At “whoo-hole,” titters ripple through the group of five boys, all second- and third-graders. (The girls have a separate session, moderated by Jeannie Woltzhoffer, age 7 and a half.) The meeting place changes regularly, sometimes behind the jungle gym, other times next to the auditorium entrance retaining wall. Today it is the aged merry-go-round, which sits unmoving—though what is happening is anything but.

Mr. Bachman frowns, quieting the giggles. “So, when you rub your penis against her whoo-hole, that makes the baby that grows in her stomach.”
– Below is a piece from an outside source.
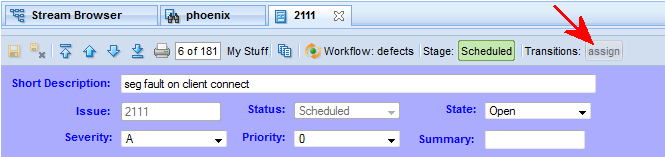 When you do, fields in the issue record are updated based either on the actions specified for the transition or for its new stage, if any. In addition, promoting an issue from one stream to another can cause a workflow transition to be executed depending on the workflow rules your AccuRev administrator has established for the streams in your depot. Examples of the types of changes you might encounter on the Issue Edit form include:

When asked why he’s chosen to break the boundaries of traditional, grade-school classroom learning, Bachman says, “I learned everything I need to know about making babies from listening to my sister’s phone calls and walking in on my mom when she’s in the shower. School is for learning how to spell and to pick on the tards in dodgeball. Life is learned on the playground, man.”

When asked why he doesn’t join forces with Ms. Woltzhoffer, Mr. Bachman scoffs.

“Cooties.”

Ms. Woltzhoffer, taking a break from conducting her session (this time disguised as a tetherball game) agrees, “In fifth grade you can play spin the bottle with the boys, but now…yuck.”
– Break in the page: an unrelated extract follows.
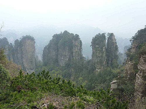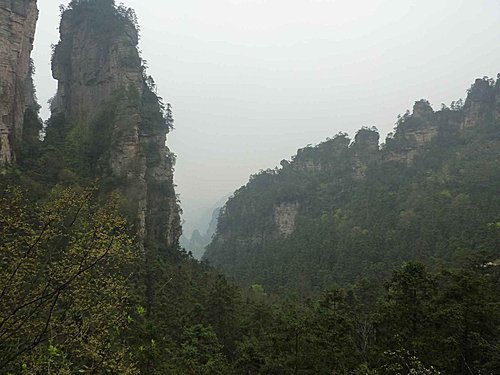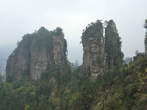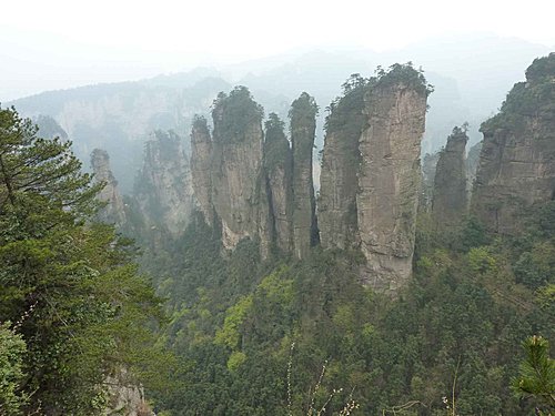 張家界國家森林公園境內峰密岩險,谷深澗幽,水秀林綠,雲繚霧繞。集雄、奇、幽、野、秀於一體,彙峰、穀、壑、林、水一色。有三千多座奇峰異石,似人似物,神形兼備,或粗獷,或細密,或奇絕,或詭秘,渾樸中略帶狂狷,威猛中又帶妖媚,危岩絕壁,雍容大氣。

The higher ups at Greenwood Elementary seem neither clued-in, nor concerned. Says paraprofessional lunch lady Doris Pearlmutter, “Are they hurting each other with sticks? Is someone going to plunge from a great height? Are most of their clothes on? Are all pants poop free? If so, I just want to just sit here and smoke myself into an early grave.”

“I heard my dad yelling one night last week about how Billy Simpkins made my sister pregnant—but she swears she never had her pants off.” On the other hand, Phyllis Wilcox, president of Parents Unusually Concerned About Everything (PUCE), is alarmed, and lays the blame at the feet of a run-amok media. “Have you seen this new television show, CHiPs? The pants on those fellows are simply too tight. Even someone like me, who has worked hard to suppress all sexual urges, can’t help but stare at those bulges.”

Once Bachman’s lecture wraps up, the questions follow.

“But my mom told me that babies are delivered by a stork.”

Bachman shakes his head sadly at the ignorance. “Your mom is full of crap, kid. Like I said, the baby grows in her stomach and comes out her belly button. I came out of my mom’s belly button, you came out of your mom’s belly button. That’s just the way it is.”

“Don’t you have to be naked?”

“It doesn’t matter. The penis just needs to be rubbed near the whoo-hole and the sperms jump out. It’s like a magic wand. I heard my dad yelling one night last week about how Billy Simpkins made my sister pregnant—but she swears she never had her pants off. Oh, and also—before the baby is born, it’s called a bastard.”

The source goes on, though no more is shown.